Richard Winton, Hannah Fry, Brittny Mejia and Noah Goldberg, Los Angeles Times on

Published in News & Features

Horace Frank, a former assistant chief at the Los Angeles Police Department, said typically an agency’s first inclination would be to notify the public when a mass shooter is at large.

“It is a public safety issue,” he said. “The only time you don’t do that is when you can articulate specific reasons otherwise. You always err on the side of keeping the public informed.”

Frank, who oversaw counterterrorism and tactical operations at LAPD, said in this case, “if there is a reason for delay, I cannot think of one.”
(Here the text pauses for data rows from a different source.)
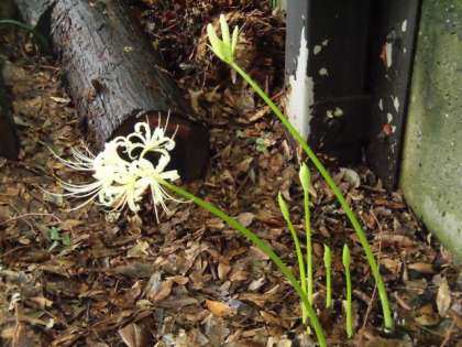 3枚目は、花のつきだした白いヒガンバナです。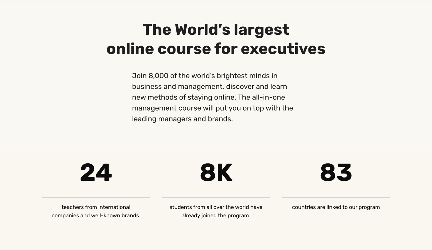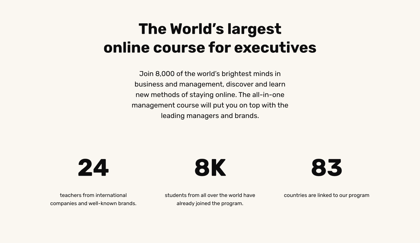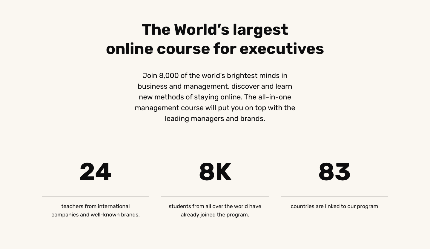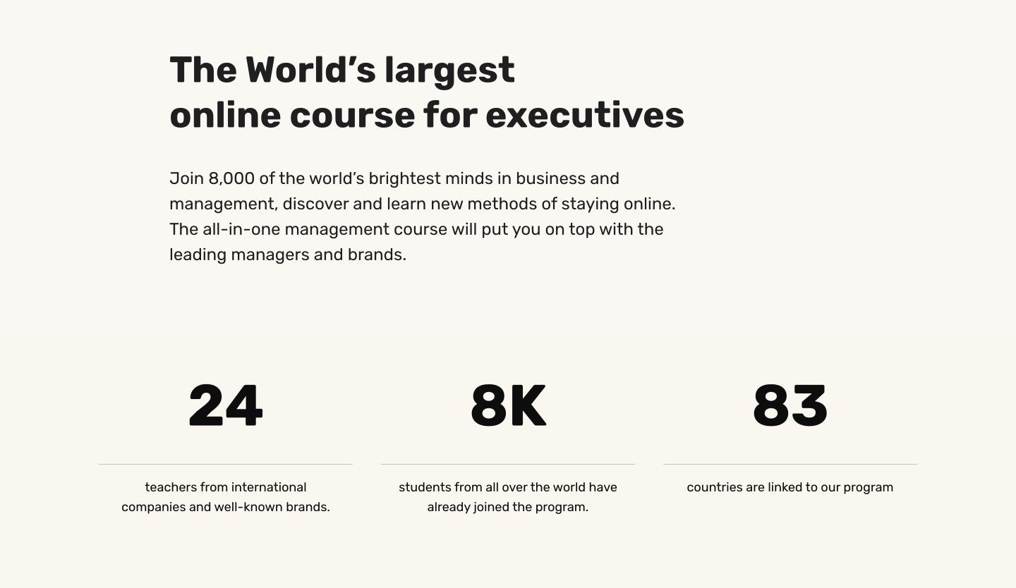 Další – pouze textová – sekce navazuje na představení kurzu a snaží se namotivovat potenciální uchazeče na zápis do kurzu pomocí čísel a dat, sociálního důkazu a Stádového efektu.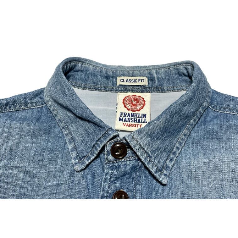 FRANKLIN MARSHALL VARSITY ワッペン付きデニムシャツ ライトインディゴ Lサイズ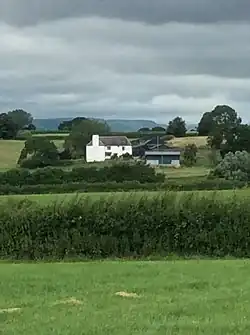 The farmhouse is a three-unit, two-storeyed building on an L-plan.[1]Newman describes it as "a farmhouse of exceptional pretension".[1] The construction is principally of sandstone rubble, with some of the late-17th century extension being undertaken in brick. Fox and Raglan note that this is an exceptionally early use of brick in Monmouthshire for a gentry, as opposed to an aristocratic, house.[4] The hipped roof is of slate.[5] Very large chimney stacks at either end create "an architectural west front of 'dollshouse' symmetry".[5] C.J.O. Evans suggests that the site was originally moated but no trace of such a feature now remains.[6]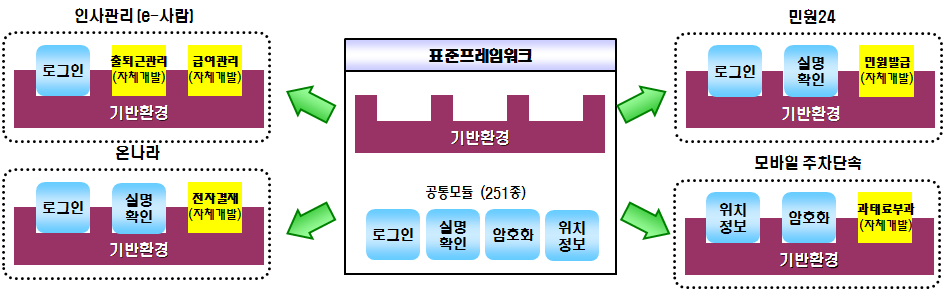 이에, 전자정부 표준프레임워크는 다양한 공통기능을 표준화해 중복개발을 방지했습니다.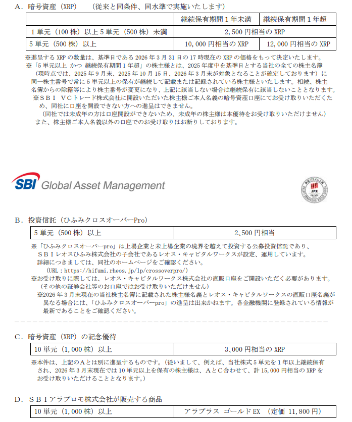 500株を1年以上継続保有でXRP12000円分貰えるようになります。

At 11:20 a.m. Sunday, sheriff’s officials issued a “special bulletin” seeking the public’s help identifying the suspect with photos of Tran from security camera footage and a warning that “he should be considered armed and dangerous.” Around the same time, police in Torrance located a white van that had been linked to the shootings.

Authorities later approached the van at a strip mall near Sepulveda and Hawthorne boulevards. Inside, they found Tran dead from a self-inflicted gunshot wound.

Travis Norton, who runs the After Action Review Team for the California Association of Tactical Officers, said the five-hour wait time was surprising, but without having all the facts of the case, it is hard to say why the Sheriff’s Department might not have notified the public.


“It is not usual to wait that long if they have a known suspect. However, there is always the possibility they have a good reason,” he said.

Norton, who is also a lieutenant with the Oceanside Police Department, added that it’s possible in a mass shooting situation with so many victims that the failure to notify the public could have been an “oversight.”

“These are rapidly unfolding events, even after the shooting stops. Dealing with multiple victims, crime scene processing, large number of witnesses, an active manhunt and all the other factors and dynamics at play make these events highly complex,” he said.

James Hellmold, a retired chief of special operations with the L.A. County Sheriff’s Department, said the lack of information early in the investigation could have been strategic.